■ COLLECTED MATERIAL:
========================================================================
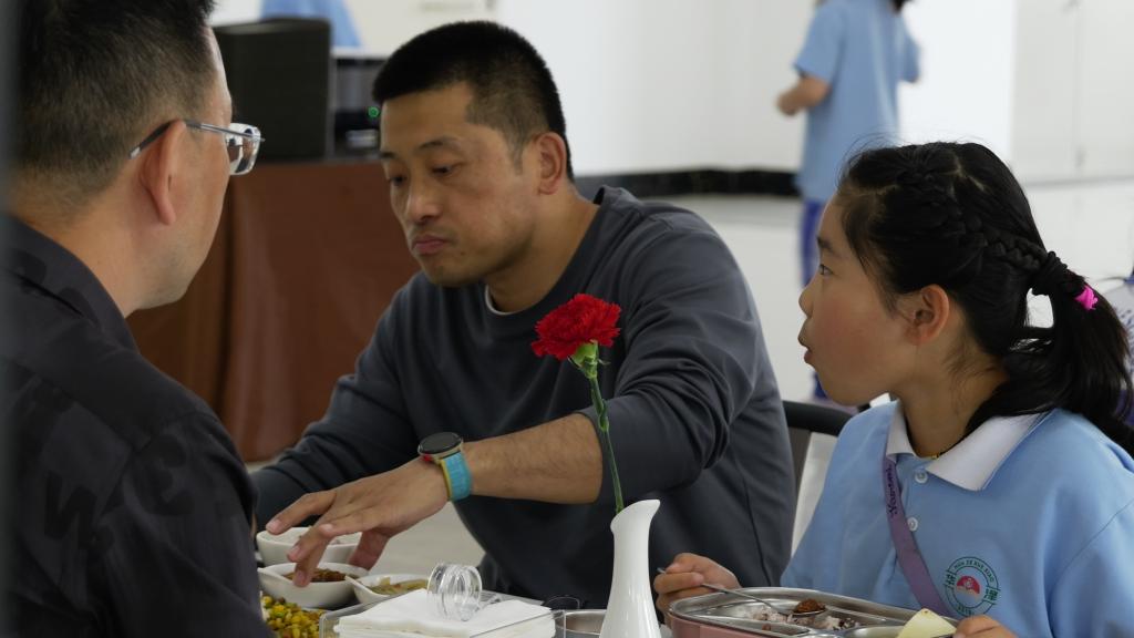 长春市南关区华泽学校的食堂里,学生家长朱伟东正在陪餐。新华社记者 张文嵘 摄
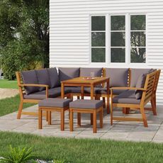 Avec son design intemporel, cet ensemble de salle a manger de jardin en bois avec coussins ajoute une touche de charme rustique a votre patio, terrasse ou jardin.
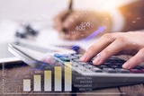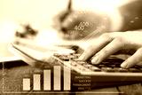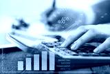 Business person using calculator for tax online
========================================================================
■ EXERCISE INSTRUCTIONS: Could you return the whole listing exactly, with every picture removed?

■ EXERCISE RESPONSE:
 长春市南关区华泽学校的食堂里,学生家长朱伟东正在陪餐。新华社记者 张文嵘 摄
 Avec son design intemporel, cet ensemble de salle a manger de jardin en bois avec coussins ajoute une touche de charme rustique a votre patio, terrasse ou jardin.
 Business person using calculator for tax online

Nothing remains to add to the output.